▶ [Exercise]:
Find the line below with "agenda deste ano." and the line with "兩組總有效率經(jīng)去". Output them and the lines between, exactly, but not the pictures.

▶ [Data provided]:
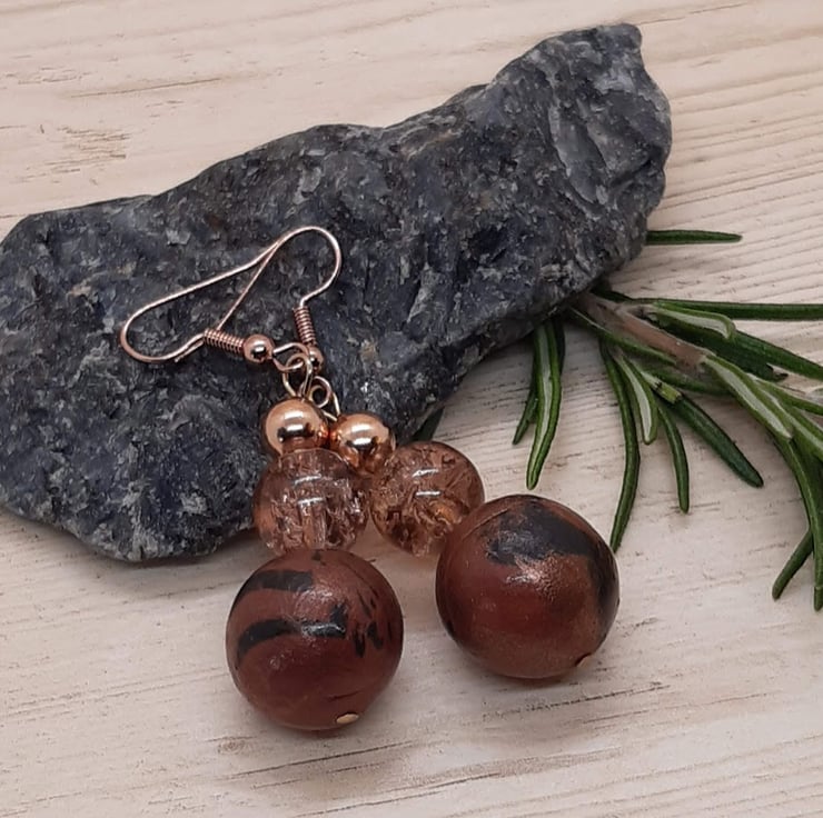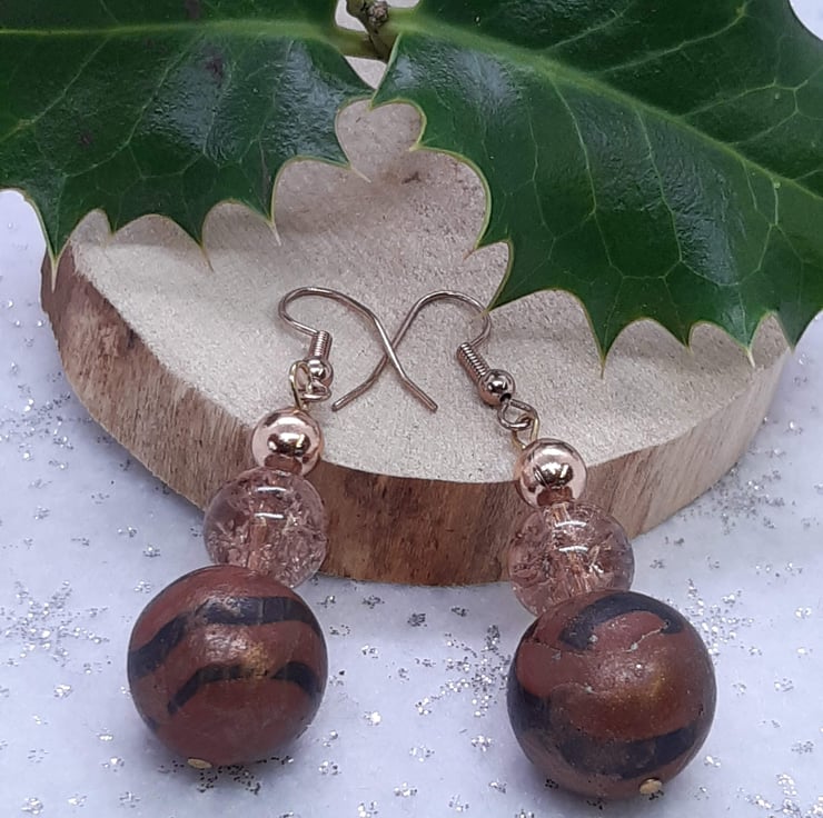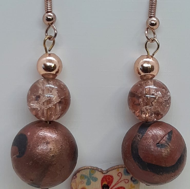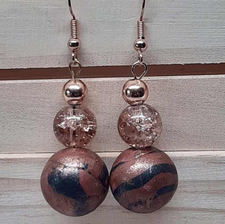 The polymer clay bead measures 16.2mm with a 10mm pinky brown crackle bead and 6mm rose gold shiny round to finish.
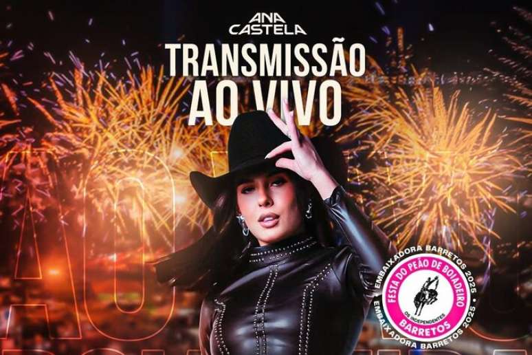 "Primeira vez da festa na TV aberta e eu que vou chegar chegando", escreveu a cantora em seu perfil no Instagram. Em março, Ana Castela foi nomeada Embaixadora da Festa do Peão de Barretos. A indicação foi anunciada como parte da programação oficial do evento e marca a presença da artista na agenda deste ano.
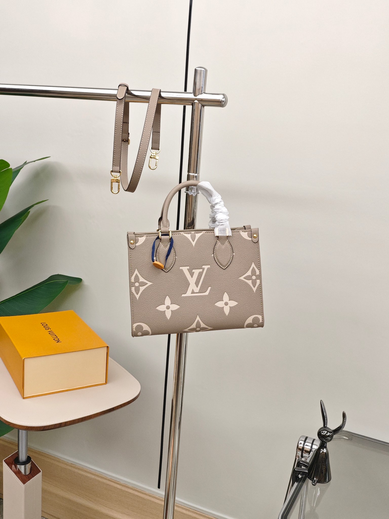 🛒Lv onthego托特包 ¥310 尺寸:25×19×11.5cm 简介:开放式开合,内置拉链口袋,内部空间宽敞,可放下手机充电宝平板ipad等日常随身物品,搭配可拆卸长肩带,可手提/可斜挎背。
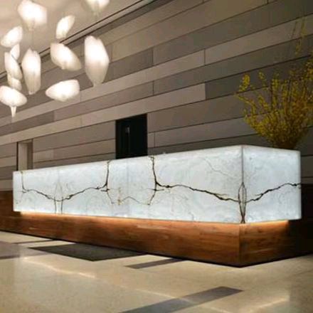 Стойки ресепшен-администратора из кварца, мрамора, гранита, акрила.
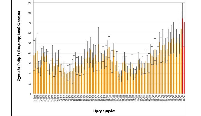 Συγκεκριμένα, στα δείγματα που λαμβάνονται καθημερινά στην είσοδο της Εγκατάστασης Επεξεργασίας Λυμάτων Θεσσαλονίκης, αναφορικά με τις εξορθολογισμένες τιμές σχετικής έκκρισης ιικού φορτίου, η μέση τιμή των δύο πιο πρόσφατων μετρήσεων, δηλαδή της Τετάρτης 20/10 και της Πέμπτης 21/10 είναι:
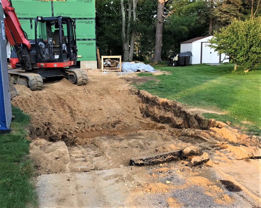 When we returned home, there was a lot of dirt moved around. It turned out that the soil under the driveway had the same layering issue that I found in my dry well excavation – so a lot had to go, and be replaced with clean fill.
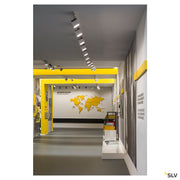 Adjustable spot EURO CUBE with suitable adapter for the 240V 3-phase track system. Designed as an optically appealing yet discreet high output LED spot for retail stores and trade fairs, this luminaire, available in a number of housing and light colours, is equipped with a Premium COB LED module with exceptional colour rendering. The longevity of the module is ensured by a heat sink integrated into the existing design.
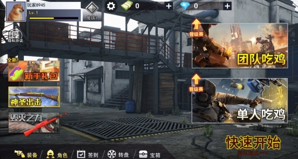 2、包含团队吃鸡与单人吃鸡两大模式,你可任选其一,领取新手礼包后即可开启作战。
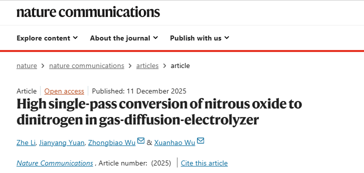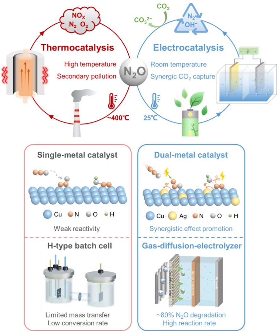 氧化亚氮(N2O)是仅次于二氧化碳和甲烷的第三大温室气体,其全球变暖潜势(GWP)可达CO2的273倍,并能显著破坏臭氧层,已被视为21世纪主要的人为臭氧消耗物质之一。工业排放(如己二酸、硝酸生产尾气)是其重要人为来源,这类废气中N2O浓度较高(0.3~40 vol.%)、排放集中,适宜进行定向治理。目前广泛采用的热催化技术存在能耗高、碳排放量大、催化剂易失活等局限,因此迫切需要发展低温、高效且可持续的新型减排途径。电催化N2O还原反应作为一种环境友好、可在温和条件下进行的替代技术,显示出良好前景,但面临单程转化率低(通常<30%)的瓶颈。该问题主要源于两方面:一是反应器内传质效率低,传统电解池中N2O溶解度有限、扩散路径长;二是催化剂本征活性不足,N2O分子化学惰性强,其在催化剂表面的吸附与活化过程能垒较高,后续N–O键加氢断裂步骤动力学缓慢。这些因素共同制约了该技术的整体转化效率与实际应用可行性。
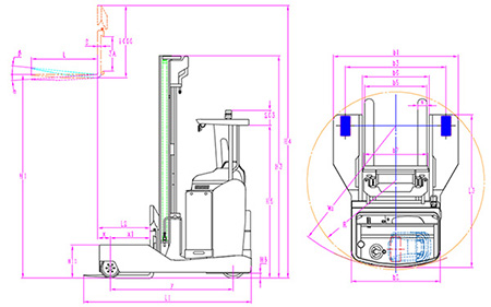 Hiệu quả: Xe nâng này đi vào làn đường dài tới 10.000mm để lấy vật liệu. Chiều dài lối đi cần thiết giảm 1/3 so với xe nâng di chuyển về phía trước thông thường, cho phép tăng gấp đôi dung lượng lưu trữ vật liệu trong kho.
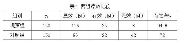 兩組總有效率經(jīng)去切概率法檢驗(yàn),P<0.05差異有統(tǒng)計(jì)學(xué)意義。觀察組的總有效率明顯高于對(duì)照組,見(jiàn)表1。
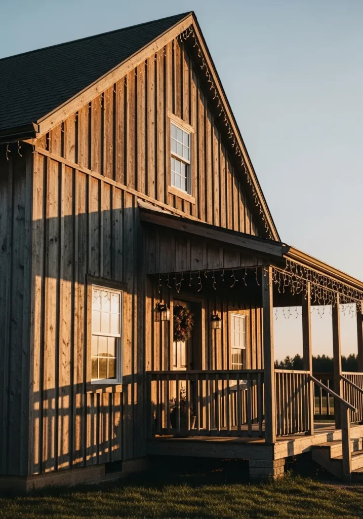 This farmhouse keeps things classic and cozy with wooden siding and a soft row of golden icicle lights hanging along the roofline. The sunlight hitting the wood gives everything a warm, honeyed tone that feels both festive and homey.

▶ [Answer box]:
 "Primeira vez da festa na TV aberta e eu que vou chegar chegando", escreveu a cantora em seu perfil no Instagram. Em março, Ana Castela foi nomeada Embaixadora da Festa do Peão de Barretos. A indicação foi anunciada como parte da programação oficial do evento e marca a presença da artista na agenda deste ano.
 🛒Lv onthego托特包 ¥310 尺寸:25×19×11.5cm 简介:开放式开合,内置拉链口袋,内部空间宽敞,可放下手机充电宝平板ipad等日常随身物品,搭配可拆卸长肩带,可手提/可斜挎背。
 Стойки ресепшен-администратора из кварца, мрамора, гранита, акрила.
 Συγκεκριμένα, στα δείγματα που λαμβάνονται καθημερινά στην είσοδο της Εγκατάστασης Επεξεργασίας Λυμάτων Θεσσαλονίκης, αναφορικά με τις εξορθολογισμένες τιμές σχετικής έκκρισης ιικού φορτίου, η μέση τιμή των δύο πιο πρόσφατων μετρήσεων, δηλαδή της Τετάρτης 20/10 και της Πέμπτης 21/10 είναι:
 When we returned home, there was a lot of dirt moved around. It turned out that the soil under the driveway had the same layering issue that I found in my dry well excavation – so a lot had to go, and be replaced with clean fill.
 Adjustable spot EURO CUBE with suitable adapter for the 240V 3-phase track system. Designed as an optically appealing yet discreet high output LED spot for retail stores and trade fairs, this luminaire, available in a number of housing and light colours, is equipped with a Premium COB LED module with exceptional colour rendering. The longevity of the module is ensured by a heat sink integrated into the existing design.
 2、包含团队吃鸡与单人吃鸡两大模式,你可任选其一,领取新手礼包后即可开启作战。
 氧化亚氮(N2O)是仅次于二氧化碳和甲烷的第三大温室气体,其全球变暖潜势(GWP)可达CO2的273倍,并能显著破坏臭氧层,已被视为21世纪主要的人为臭氧消耗物质之一。工业排放(如己二酸、硝酸生产尾气)是其重要人为来源,这类废气中N2O浓度较高(0.3~40 vol.%)、排放集中,适宜进行定向治理。目前广泛采用的热催化技术存在能耗高、碳排放量大、催化剂易失活等局限,因此迫切需要发展低温、高效且可持续的新型减排途径。电催化N2O还原反应作为一种环境友好、可在温和条件下进行的替代技术,显示出良好前景,但面临单程转化率低(通常<30%)的瓶颈。该问题主要源于两方面:一是反应器内传质效率低,传统电解池中N2O溶解度有限、扩散路径长;二是催化剂本征活性不足,N2O分子化学惰性强,其在催化剂表面的吸附与活化过程能垒较高,后续N–O键加氢断裂步骤动力学缓慢。这些因素共同制约了该技术的整体转化效率与实际应用可行性。
 Hiệu quả: Xe nâng này đi vào làn đường dài tới 10.000mm để lấy vật liệu. Chiều dài lối đi cần thiết giảm 1/3 so với xe nâng di chuyển về phía trước thông thường, cho phép tăng gấp đôi dung lượng lưu trữ vật liệu trong kho.
 兩組總有效率經(jīng)去切概率法檢驗(yàn),P<0.05差異有統(tǒng)計(jì)學(xué)意義。觀察組的總有效率明顯高于對(duì)照組,見(jiàn)表1。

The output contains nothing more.